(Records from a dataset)
-*-

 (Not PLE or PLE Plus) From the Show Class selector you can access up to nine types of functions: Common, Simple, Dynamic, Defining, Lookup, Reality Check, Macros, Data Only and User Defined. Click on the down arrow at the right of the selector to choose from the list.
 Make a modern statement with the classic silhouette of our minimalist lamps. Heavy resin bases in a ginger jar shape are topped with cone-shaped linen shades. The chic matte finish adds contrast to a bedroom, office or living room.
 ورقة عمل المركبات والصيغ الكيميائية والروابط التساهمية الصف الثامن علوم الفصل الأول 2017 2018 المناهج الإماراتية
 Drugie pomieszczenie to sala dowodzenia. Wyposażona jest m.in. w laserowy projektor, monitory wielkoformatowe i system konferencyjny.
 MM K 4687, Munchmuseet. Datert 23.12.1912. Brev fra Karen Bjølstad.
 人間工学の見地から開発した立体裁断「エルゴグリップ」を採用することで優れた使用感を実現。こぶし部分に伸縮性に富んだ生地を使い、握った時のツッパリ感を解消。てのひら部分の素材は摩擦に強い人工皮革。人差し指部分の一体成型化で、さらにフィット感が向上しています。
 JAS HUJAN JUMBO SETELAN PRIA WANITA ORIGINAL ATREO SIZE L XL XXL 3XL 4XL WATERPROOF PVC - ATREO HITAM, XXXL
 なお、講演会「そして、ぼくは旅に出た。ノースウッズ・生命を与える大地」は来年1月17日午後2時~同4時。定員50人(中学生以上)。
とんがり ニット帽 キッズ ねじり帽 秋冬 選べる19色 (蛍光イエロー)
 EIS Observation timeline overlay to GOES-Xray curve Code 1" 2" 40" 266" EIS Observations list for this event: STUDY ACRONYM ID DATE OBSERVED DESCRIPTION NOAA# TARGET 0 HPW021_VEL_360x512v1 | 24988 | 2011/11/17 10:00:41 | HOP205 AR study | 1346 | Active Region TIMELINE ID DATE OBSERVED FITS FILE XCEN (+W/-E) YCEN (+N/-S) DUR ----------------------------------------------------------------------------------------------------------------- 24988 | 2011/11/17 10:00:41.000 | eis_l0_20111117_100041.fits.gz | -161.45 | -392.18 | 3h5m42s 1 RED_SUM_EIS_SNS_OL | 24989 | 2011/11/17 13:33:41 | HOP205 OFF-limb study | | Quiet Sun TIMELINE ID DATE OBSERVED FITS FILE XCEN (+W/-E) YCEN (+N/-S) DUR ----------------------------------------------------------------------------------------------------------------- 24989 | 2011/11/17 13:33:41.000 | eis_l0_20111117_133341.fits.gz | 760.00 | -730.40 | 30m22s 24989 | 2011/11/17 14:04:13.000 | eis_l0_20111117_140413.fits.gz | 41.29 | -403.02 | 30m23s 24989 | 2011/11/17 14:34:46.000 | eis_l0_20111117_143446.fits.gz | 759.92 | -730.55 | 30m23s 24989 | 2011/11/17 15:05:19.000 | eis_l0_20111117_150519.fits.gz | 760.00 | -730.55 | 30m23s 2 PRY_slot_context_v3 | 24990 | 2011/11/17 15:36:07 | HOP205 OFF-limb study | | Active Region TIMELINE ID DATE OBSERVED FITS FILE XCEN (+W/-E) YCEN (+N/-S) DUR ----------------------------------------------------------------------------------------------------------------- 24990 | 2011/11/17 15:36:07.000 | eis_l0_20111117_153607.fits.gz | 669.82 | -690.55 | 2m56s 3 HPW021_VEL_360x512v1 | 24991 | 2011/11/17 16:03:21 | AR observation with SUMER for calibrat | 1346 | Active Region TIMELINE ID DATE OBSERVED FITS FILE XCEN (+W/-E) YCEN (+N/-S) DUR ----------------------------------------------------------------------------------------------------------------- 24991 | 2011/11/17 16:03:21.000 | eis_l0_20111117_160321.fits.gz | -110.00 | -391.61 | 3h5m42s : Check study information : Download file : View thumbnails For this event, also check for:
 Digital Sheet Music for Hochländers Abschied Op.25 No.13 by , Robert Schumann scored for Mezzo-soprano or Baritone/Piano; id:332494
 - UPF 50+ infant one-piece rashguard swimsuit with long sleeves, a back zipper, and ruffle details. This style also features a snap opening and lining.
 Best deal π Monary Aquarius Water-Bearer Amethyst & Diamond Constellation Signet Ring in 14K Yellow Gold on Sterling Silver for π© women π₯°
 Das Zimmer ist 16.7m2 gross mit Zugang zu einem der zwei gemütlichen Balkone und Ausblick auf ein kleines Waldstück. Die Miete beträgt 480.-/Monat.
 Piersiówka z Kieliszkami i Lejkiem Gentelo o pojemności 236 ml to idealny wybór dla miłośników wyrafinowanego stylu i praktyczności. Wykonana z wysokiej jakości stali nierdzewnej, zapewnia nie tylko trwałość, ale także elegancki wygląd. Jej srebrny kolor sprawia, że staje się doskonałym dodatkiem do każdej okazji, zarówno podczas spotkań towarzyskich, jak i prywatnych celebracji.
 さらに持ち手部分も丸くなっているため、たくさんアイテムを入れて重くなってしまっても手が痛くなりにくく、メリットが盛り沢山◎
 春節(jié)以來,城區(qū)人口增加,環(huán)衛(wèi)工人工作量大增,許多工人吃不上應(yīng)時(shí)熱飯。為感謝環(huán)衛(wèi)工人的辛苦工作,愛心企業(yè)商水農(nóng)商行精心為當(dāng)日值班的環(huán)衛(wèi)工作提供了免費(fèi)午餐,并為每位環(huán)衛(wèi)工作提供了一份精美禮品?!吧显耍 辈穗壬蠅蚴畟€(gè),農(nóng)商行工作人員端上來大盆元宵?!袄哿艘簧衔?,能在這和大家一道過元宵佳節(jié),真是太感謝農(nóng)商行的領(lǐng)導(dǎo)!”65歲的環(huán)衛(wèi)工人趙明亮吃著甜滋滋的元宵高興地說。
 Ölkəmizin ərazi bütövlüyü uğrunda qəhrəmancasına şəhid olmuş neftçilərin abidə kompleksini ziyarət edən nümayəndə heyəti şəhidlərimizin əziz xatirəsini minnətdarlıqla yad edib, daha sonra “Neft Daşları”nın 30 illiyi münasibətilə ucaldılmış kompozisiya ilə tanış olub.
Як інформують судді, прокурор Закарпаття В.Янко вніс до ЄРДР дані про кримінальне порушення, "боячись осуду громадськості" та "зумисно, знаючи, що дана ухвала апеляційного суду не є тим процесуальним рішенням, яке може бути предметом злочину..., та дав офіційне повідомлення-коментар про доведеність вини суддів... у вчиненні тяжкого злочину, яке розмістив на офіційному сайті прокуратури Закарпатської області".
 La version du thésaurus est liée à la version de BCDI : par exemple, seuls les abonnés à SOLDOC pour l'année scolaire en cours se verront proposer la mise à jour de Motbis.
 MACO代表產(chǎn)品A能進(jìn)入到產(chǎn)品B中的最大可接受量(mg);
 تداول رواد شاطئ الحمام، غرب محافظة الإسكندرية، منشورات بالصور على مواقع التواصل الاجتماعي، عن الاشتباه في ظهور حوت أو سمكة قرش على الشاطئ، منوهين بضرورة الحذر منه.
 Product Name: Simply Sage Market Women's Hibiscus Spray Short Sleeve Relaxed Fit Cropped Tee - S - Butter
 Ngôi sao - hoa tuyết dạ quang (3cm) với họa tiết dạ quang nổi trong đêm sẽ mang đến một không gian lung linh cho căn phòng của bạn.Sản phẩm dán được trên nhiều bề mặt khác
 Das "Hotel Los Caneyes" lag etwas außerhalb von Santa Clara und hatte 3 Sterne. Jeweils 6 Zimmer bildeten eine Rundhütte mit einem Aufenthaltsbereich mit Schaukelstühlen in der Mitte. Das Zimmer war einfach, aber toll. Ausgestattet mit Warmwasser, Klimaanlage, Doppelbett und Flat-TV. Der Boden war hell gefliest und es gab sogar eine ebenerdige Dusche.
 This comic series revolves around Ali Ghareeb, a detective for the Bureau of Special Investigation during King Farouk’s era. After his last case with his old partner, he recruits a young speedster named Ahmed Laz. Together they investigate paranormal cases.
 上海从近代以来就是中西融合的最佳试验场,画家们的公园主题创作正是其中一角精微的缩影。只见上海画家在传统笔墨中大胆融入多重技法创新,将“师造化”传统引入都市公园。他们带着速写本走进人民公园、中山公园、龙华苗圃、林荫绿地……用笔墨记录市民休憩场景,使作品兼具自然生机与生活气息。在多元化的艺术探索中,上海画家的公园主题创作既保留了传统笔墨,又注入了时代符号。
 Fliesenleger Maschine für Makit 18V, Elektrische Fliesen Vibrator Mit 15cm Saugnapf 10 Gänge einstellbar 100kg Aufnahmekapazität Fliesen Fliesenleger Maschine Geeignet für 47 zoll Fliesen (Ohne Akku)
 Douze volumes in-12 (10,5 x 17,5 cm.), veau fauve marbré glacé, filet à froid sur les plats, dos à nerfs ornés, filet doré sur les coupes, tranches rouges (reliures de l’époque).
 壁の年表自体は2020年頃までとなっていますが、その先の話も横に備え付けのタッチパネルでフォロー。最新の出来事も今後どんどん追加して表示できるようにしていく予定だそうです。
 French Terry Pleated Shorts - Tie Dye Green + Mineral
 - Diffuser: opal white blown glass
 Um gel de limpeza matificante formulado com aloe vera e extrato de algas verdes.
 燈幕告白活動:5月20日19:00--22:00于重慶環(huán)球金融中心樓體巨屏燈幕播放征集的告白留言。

-*-

GOAL OF THE EXERCISE ▸ Transcribe the lines above between the line holding "Piersiówka z Kieliszkami" and the line holding "さらに持ち手部分も丸くなって", inclusive, exactly as they stand and with nothing added.

EXERCISE ANSWER ▸
 Piersiówka z Kieliszkami i Lejkiem Gentelo o pojemności 236 ml to idealny wybór dla miłośników wyrafinowanego stylu i praktyczności. Wykonana z wysokiej jakości stali nierdzewnej, zapewnia nie tylko trwałość, ale także elegancki wygląd. Jej srebrny kolor sprawia, że staje się doskonałym dodatkiem do każdej okazji, zarówno podczas spotkań towarzyskich, jak i prywatnych celebracji.
 さらに持ち手部分も丸くなっているため、たくさんアイテムを入れて重くなってしまっても手が痛くなりにくく、メリットが盛り沢山◎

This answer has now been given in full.